I saw that Afro-Ninja segment was rather entertained. I'm also inclined to wonder if the original Afro-ninja failed back-flip was staged, cuz if the guy in it was a professional stunt-man, he'd know how to do it without really hurting himself. If it was staged, than even more props to Mr. Stunt Man cuz I was fooled into thinking that was real for years.
-JasAsian

Anonymous said...

It's in DANGER of getting stale these shows already ARE stale! And do we r-e-a-l-l-y need yet another snarky,stupid,smug,too-smart-alecky-for-his-own-good white guy host of these goofy crapfest. Whose only purpose in life is to see how much of a big putz he can be and trying to appeal to 24 year-old frat boys while HE himself is well past frat boy age.
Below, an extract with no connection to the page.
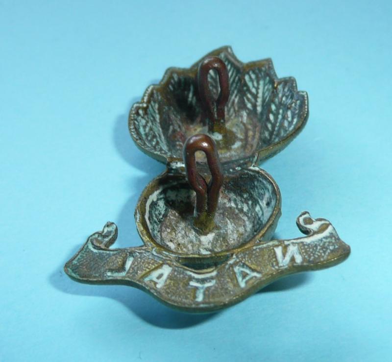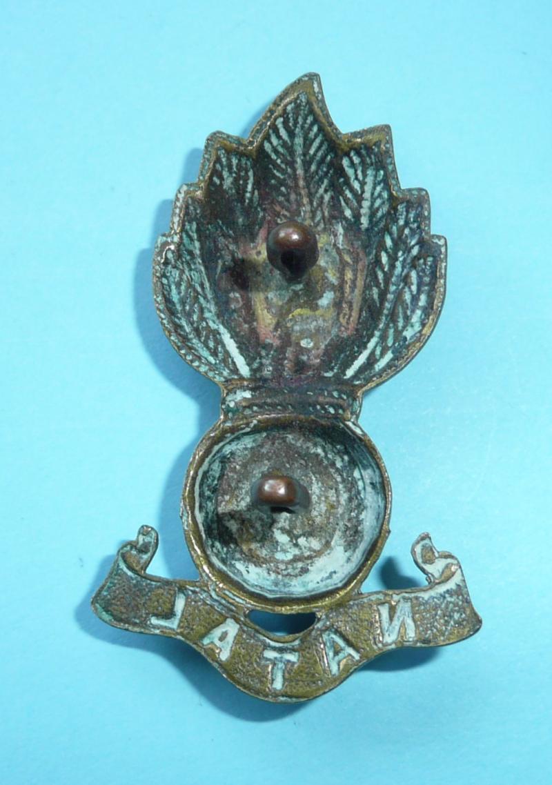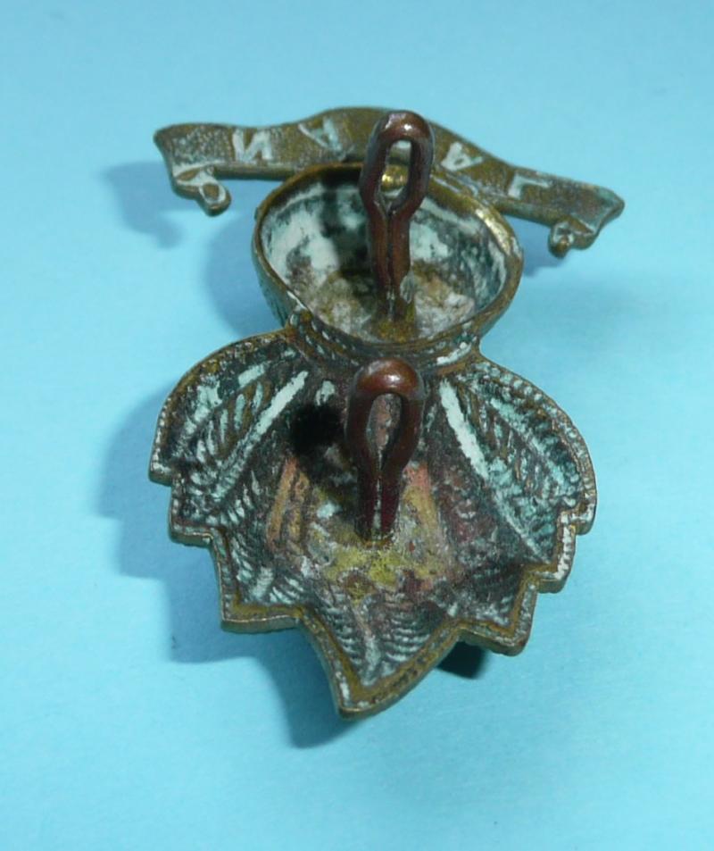 A grenade of seven flames above a scroll inscribed “Natal”. Worn in brass metal 1920s-1940s and again1949-1967. Two original lugs, these have been pinched but still functional. Circa 4.7cms tall. In good condition.

Like a David Letterman in training can you say 'dumb and dumbmer' boys and girls?! Same shit different whiny pissant and has anyone else besides me noticed that MOST of their targeted 'celebrities' are African-American?!!

Anonymous said...

And kudos for what you said on Racialicious and this may be off topic but it REALLY kills me how people especially little snots in the media want to be all 'polly and peter pureheart' about so-called 'misogyny' and 'degrading women' in rap but let shit like this dumb movie and countless others go without ANY criticism WTF?!! If you ain't gonna attack all of it then don't attack any of it hypocrites!